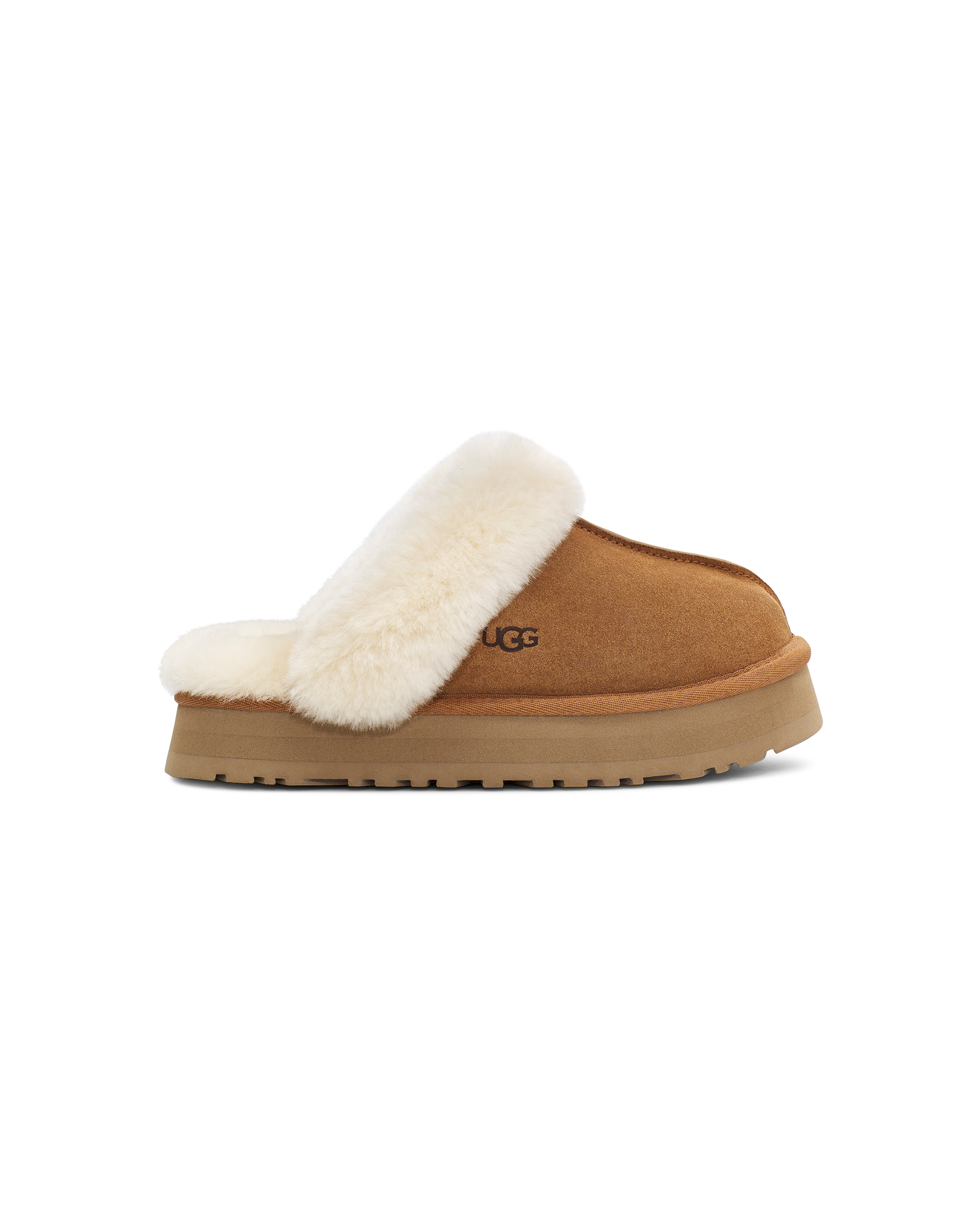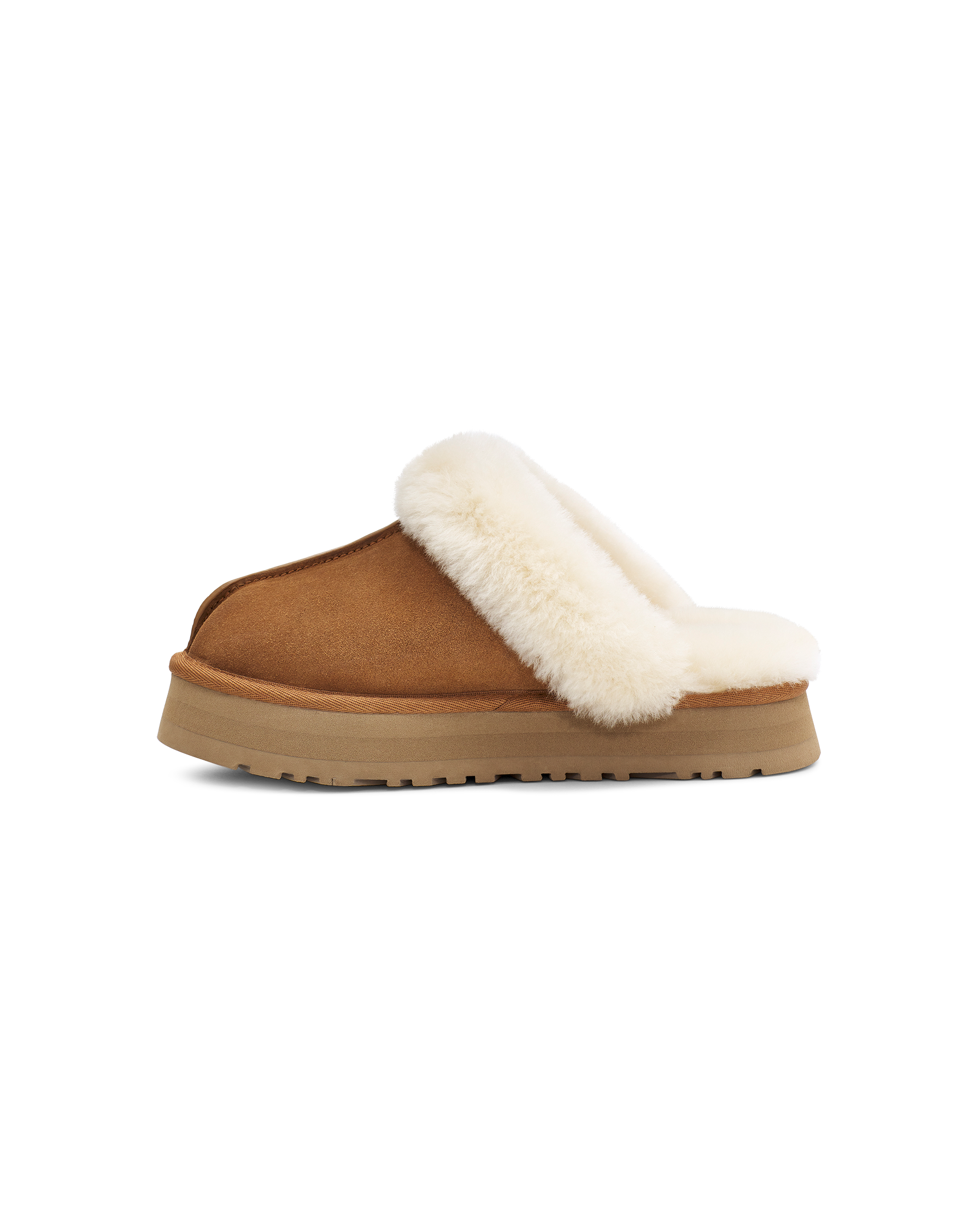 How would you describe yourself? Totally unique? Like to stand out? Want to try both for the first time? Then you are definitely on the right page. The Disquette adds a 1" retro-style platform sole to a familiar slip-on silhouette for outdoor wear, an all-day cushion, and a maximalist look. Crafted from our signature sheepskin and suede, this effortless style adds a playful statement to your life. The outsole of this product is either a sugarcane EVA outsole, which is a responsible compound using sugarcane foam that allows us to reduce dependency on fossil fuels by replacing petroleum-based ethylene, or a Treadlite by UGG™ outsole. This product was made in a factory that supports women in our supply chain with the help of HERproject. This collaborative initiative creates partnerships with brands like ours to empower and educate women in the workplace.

════════

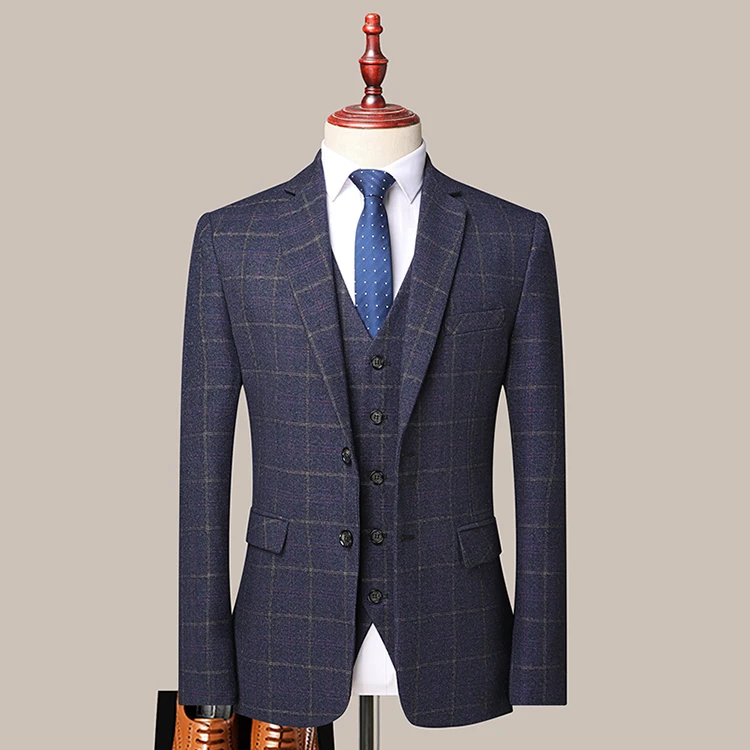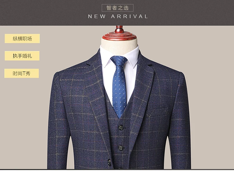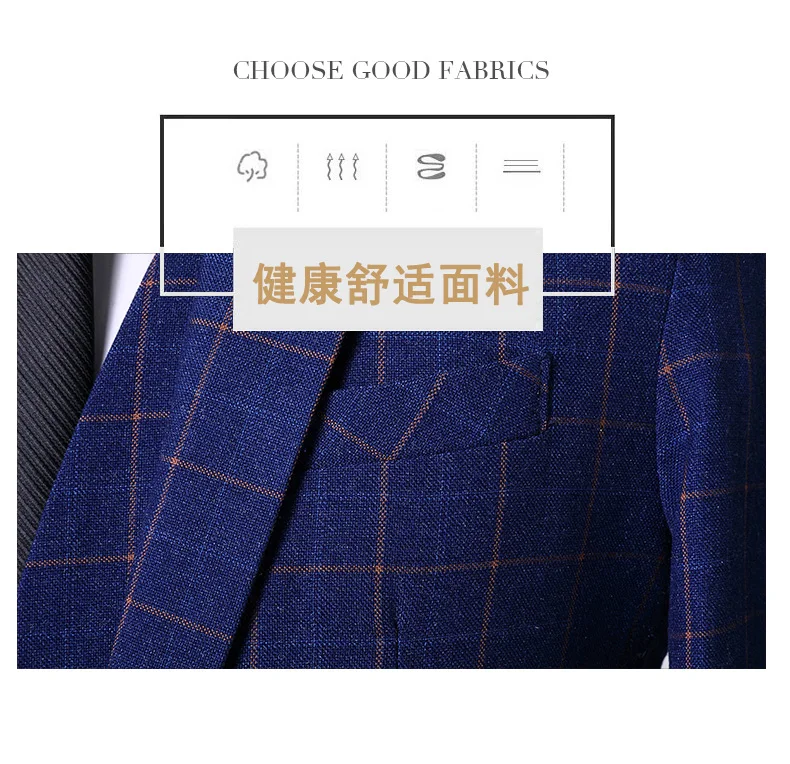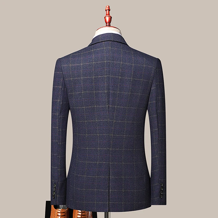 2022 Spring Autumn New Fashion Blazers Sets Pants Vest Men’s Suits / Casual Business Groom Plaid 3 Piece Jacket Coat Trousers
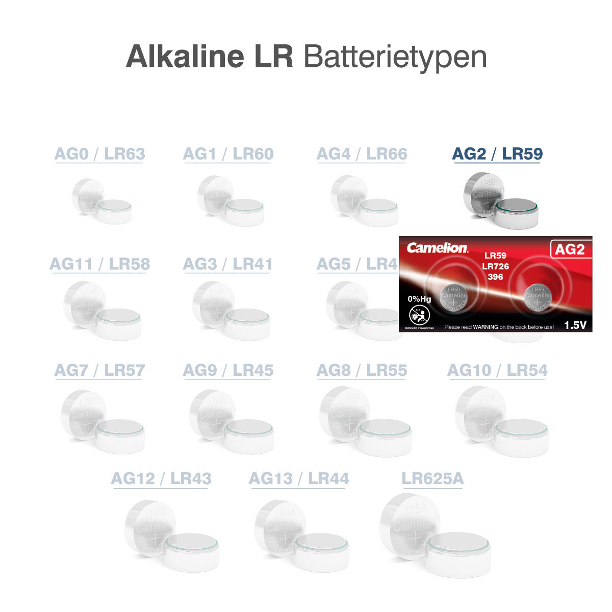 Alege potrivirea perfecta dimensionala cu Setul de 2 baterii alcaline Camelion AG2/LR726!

════════

From the listing above, please give again the lines that begin with the line holding "2022 Spring Autumn" and go on through the line holding "Alege potrivirea perfecta", exactly, both ends included, minus any picture.

 2022 Spring Autumn New Fashion Blazers Sets Pants Vest Men’s Suits / Casual Business Groom Plaid 3 Piece Jacket Coat Trousers
 Alege potrivirea perfecta dimensionala cu Setul de 2 baterii alcaline Camelion AG2/LR726!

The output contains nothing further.